A leader shows his true mettle in difficult circumstances. On August 10, 1946, Alcide De Gasperi, the Prime Minister of a defeated Italy, faced the victorious Allied Powers who were offering a peace treaty that would end the Second Great War.

He personally had no blame for the war of aggression declared, waged and lost by the Fascist regime.

He had opposed the policies of that regime from within Italy, consequently being imprisoned in 1926 and having to take shelter from the ensuing persecution within the Vatican Libraries.

In 1946, he was the Prime Minister of a government formed by the anti-fascist parties, namely the Communists, Socialists, Liberals, Republicans and his own Democrazia Cristiana.

The country was still in turmoil. The infrastructure, as well as the industry sector, was by and large destroyed by military action or blown up by the retreating Nazi armies.

He was sustained by his Christian faith and by his courage, as well as by the extensive experience he had gathered first as deputy in the Austro-Hungarian Parliament in Vienna before the First World War and then in Don Sturzo’s Partito Popolare in the Italian Parliament between 1921 and 1924.

He stood up to the Allies’ claim for territorial concessions beyond the ill-gotten acquisitions of the Fascist period. He also resisted Communist claims in internal policy and maintained his Cabinet’s neutrality on the monarchy issue, even though he was personally a republican.

Alcide De Gasperi was responsible for guiding his country towards signing the Peace Treaty along with the formidable task of post-war reconstruction

He asked for and accepted United States assistance without succumbing to pressures on the loss of Italian territory and he put Italy firmly in the Western Democratic camp.

His speech to the Peace Conference in August 1946 began with the words: “When I rise to speak as the Prime Minister of a defeated nation, I feel that everything and every one of you is against me, except for your personal, individual courtesy.” (“Tutto è contro di me tranne la vostra personale cortesia”).

His courage and determination won the day – the Allies’ claims were contained as both the American and British Governments were convinced that Italy should not be humiliated into embracing Communism.

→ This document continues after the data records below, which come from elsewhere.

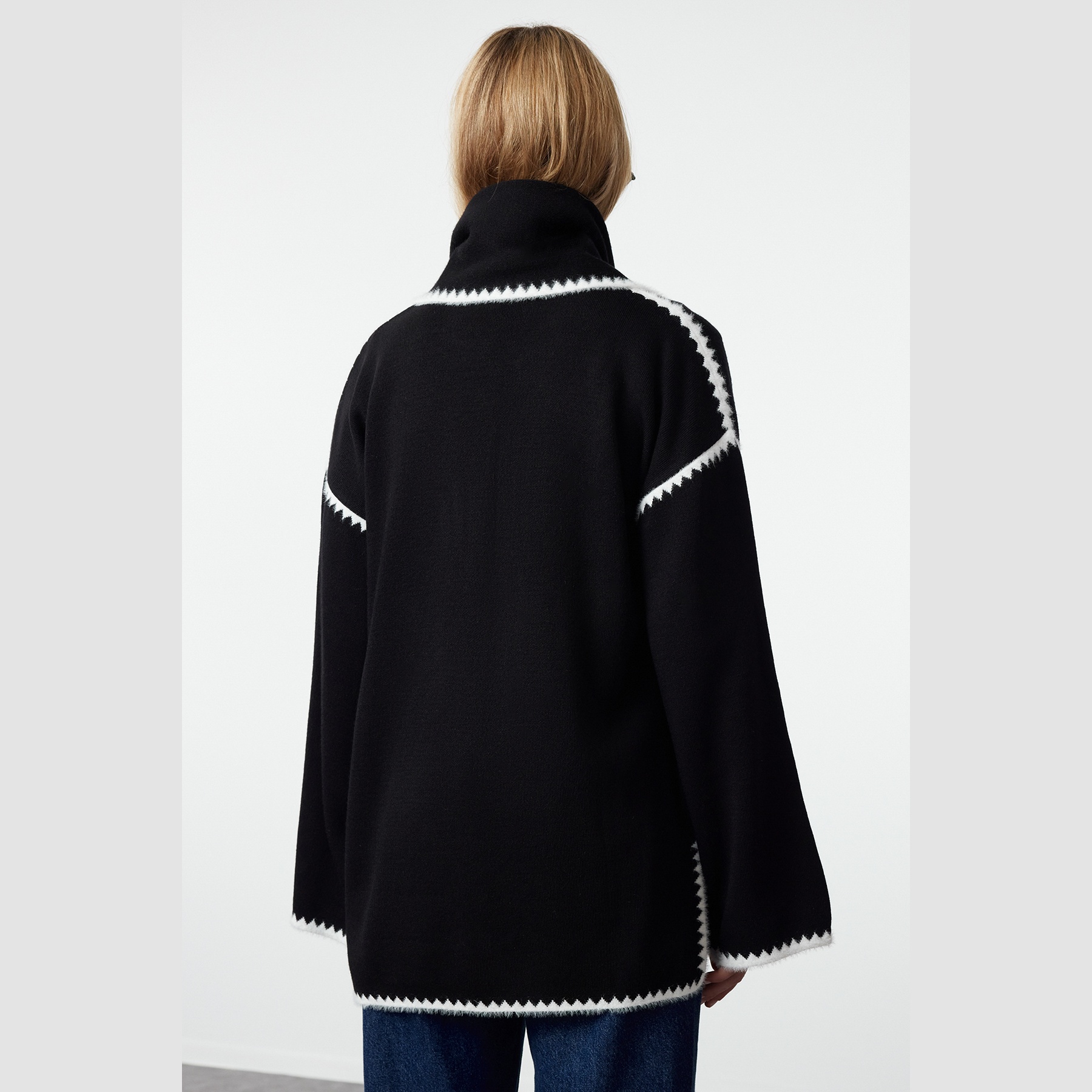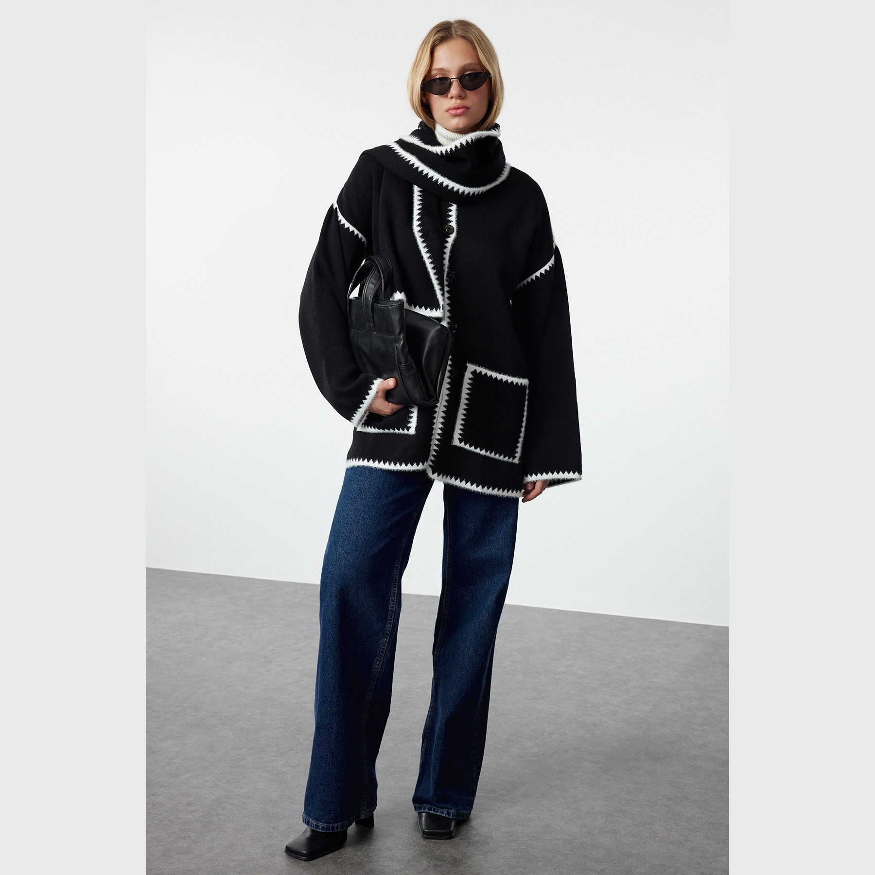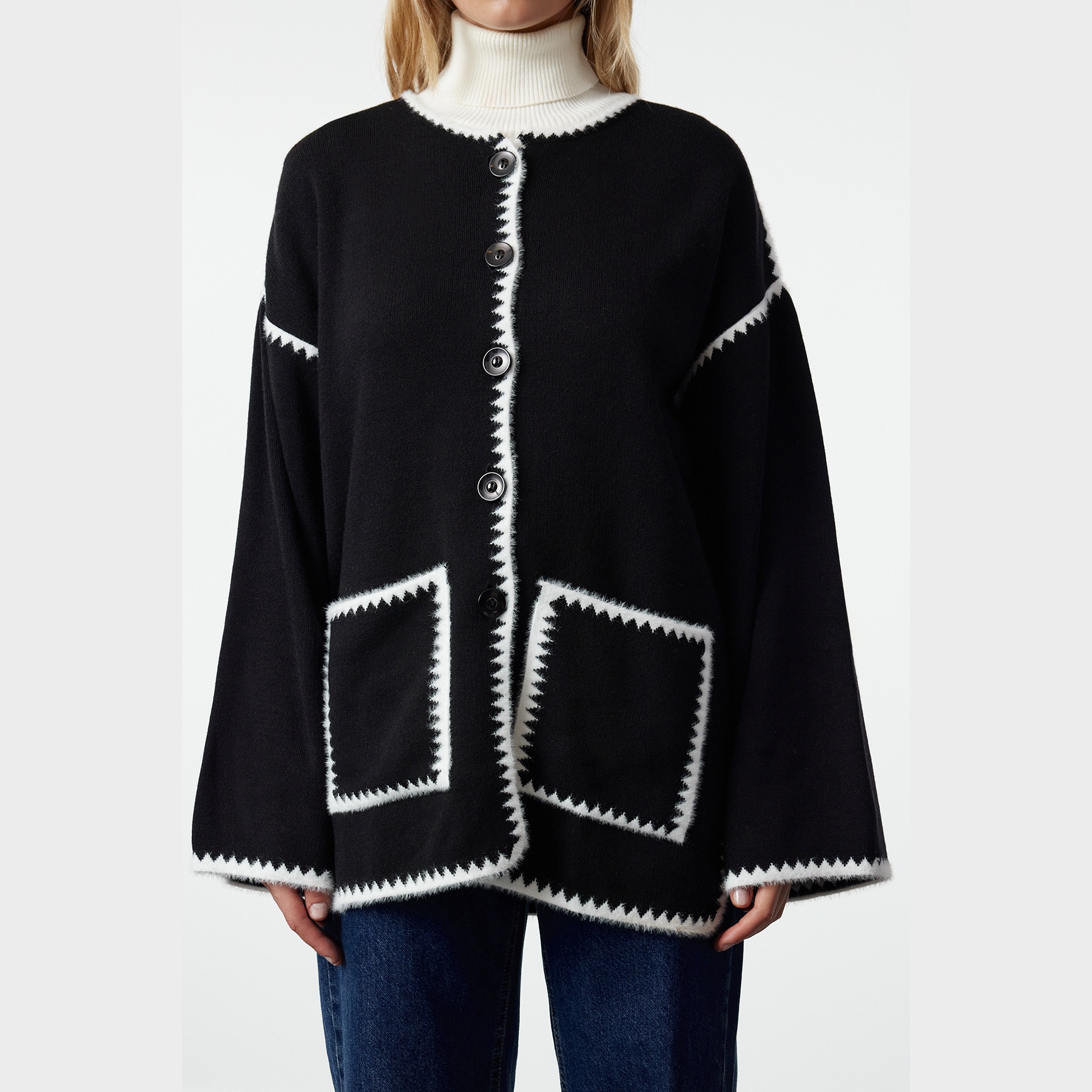 كارديغان نسائي بلون أسود أنيق، مصنوع من خامة تريكو محاكة بالكامل من الأكريليك، يتميز بملمس ناعم وسُمك سميك مثالي للأجواء الباردة. يأتي بقصة واسعة وياقة دائرية وأكمام طويلة بتصميم كتف منخفض، ويُرفق معه وشاح بنفس الخامة واللون، ما يمنح إطلالة متكاملة تجمع بين الدفء والأناقة.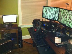 The second shot shows the completed room. Not bad really considering how much computing power is piled into that corner. The Gateways stack pretty well and the network is all nestled under the end table. The little monitor proves how great it is once again by slotting in pretty much anywhere. The IO Gear KVM is of the fixed cable variety, and these are usually very messy, but I am able to tuck it away behind the table and it has a neat remote, so nothing is showing. The mini keyboard (decent for $10!) rounds out the setup.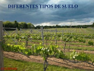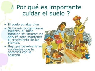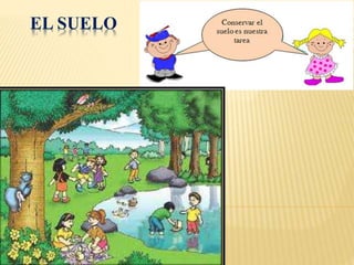 El documento habla sobre los diferentes tipos de suelo y cómo se forma. Explica que el suelo se compone de capas y provee un hábitat para las plantas y animales. También destaca la importancia de conservar el suelo protegiendo la vegetación para prevenir la erosión y desertización.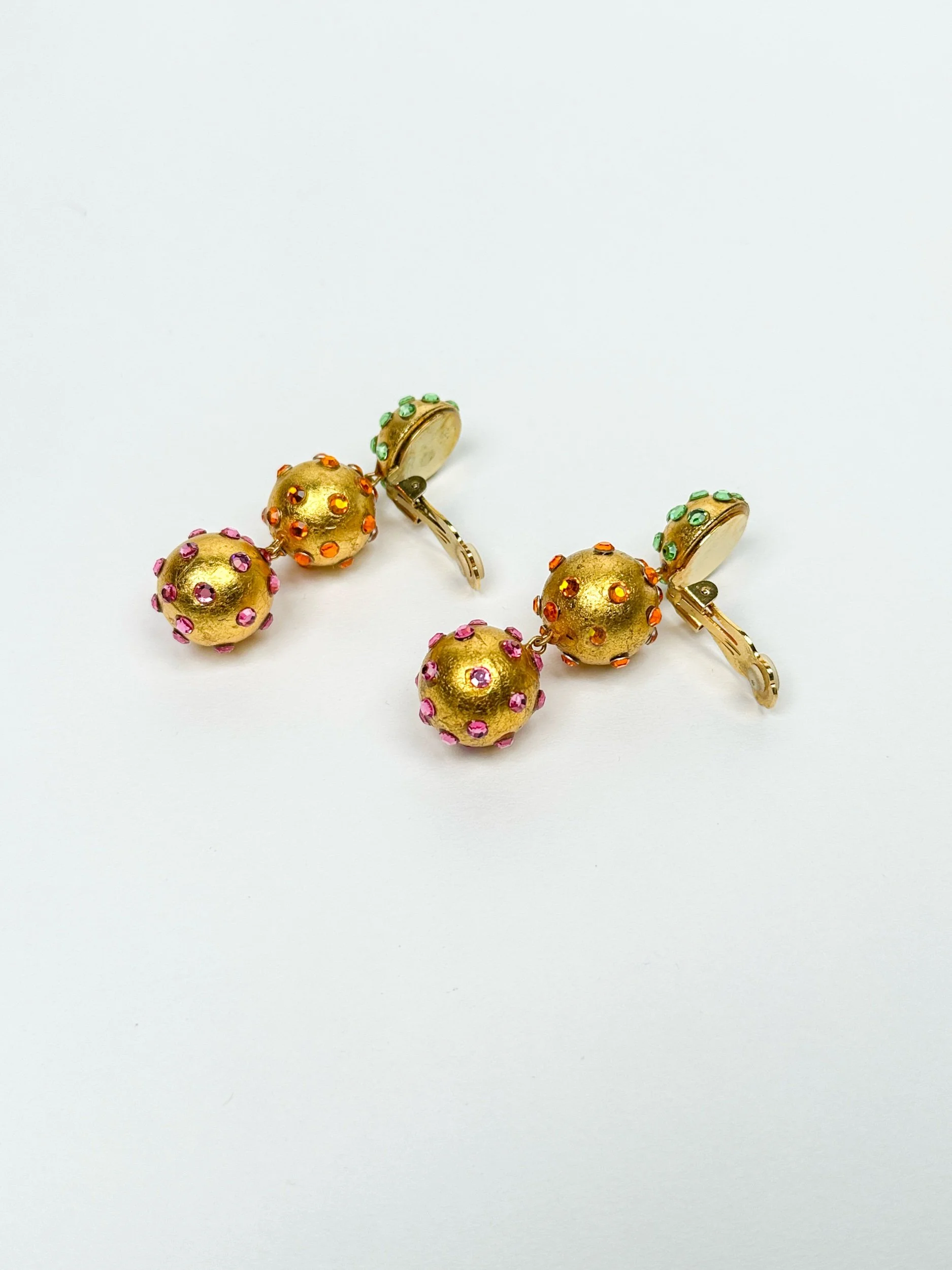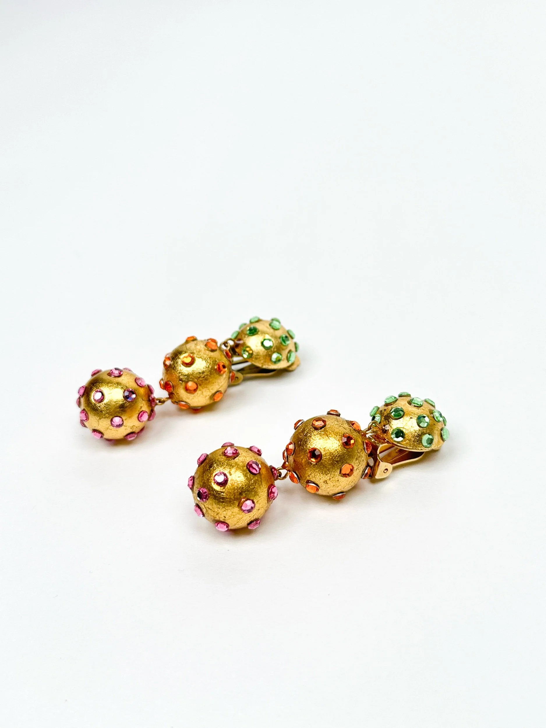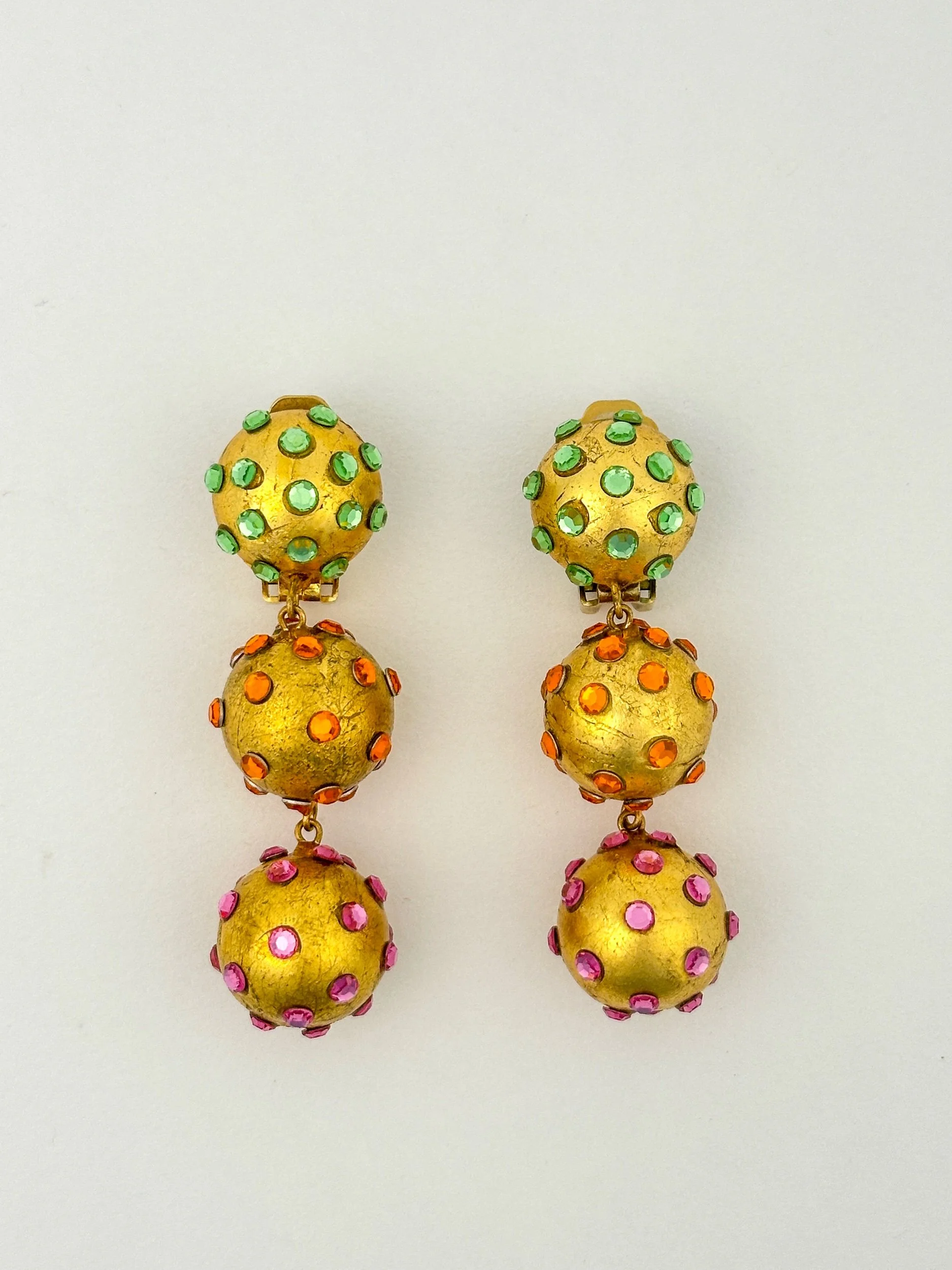 Hand‑gilded baubles in gleaming gold leaf, sprinkled with fuchsia, hyacinth, and peridot Swarovski crystals in a three‑ball clip‑drop style.

He also mitigated the onslaught of Communist and neo-Fascist propaganda and, in the first great test of the April 1948 General Elections, his Democrazia Cristiana succeeded in ensuring an overall majority of seats in the Chamber of Deputies. 

This victory notwithstanding, De Gasperi asked the Social Democrats, the Liberals and the Republicans to join him in the formation of a number of coalition cabinets.

The Communists sought to depict him as a Vatican puppet, the neo-Fascists as a stooge of the United States.

From 1945 to 1953, he was responsible for guiding his country towards signing the Peace Treaty along with the formidable task of post-war reconstruction.

In the early years after the referendum that abolished the monarchy, the Constituent Assembly elected in 1946 drafted, debated and passed the new democratic Constitution, which came into force on January 1, 1948.

The reconstruction of Italy involved not only buildings, bridges, roads, rail network, factories and housing estates, but it also meant recreating the democratic attitude of the masses that was interrupted and in part corrupted by more than twenty years of fascism.

More immediately and decidedly, it also meant building a welfare state as well as an industrial democracy.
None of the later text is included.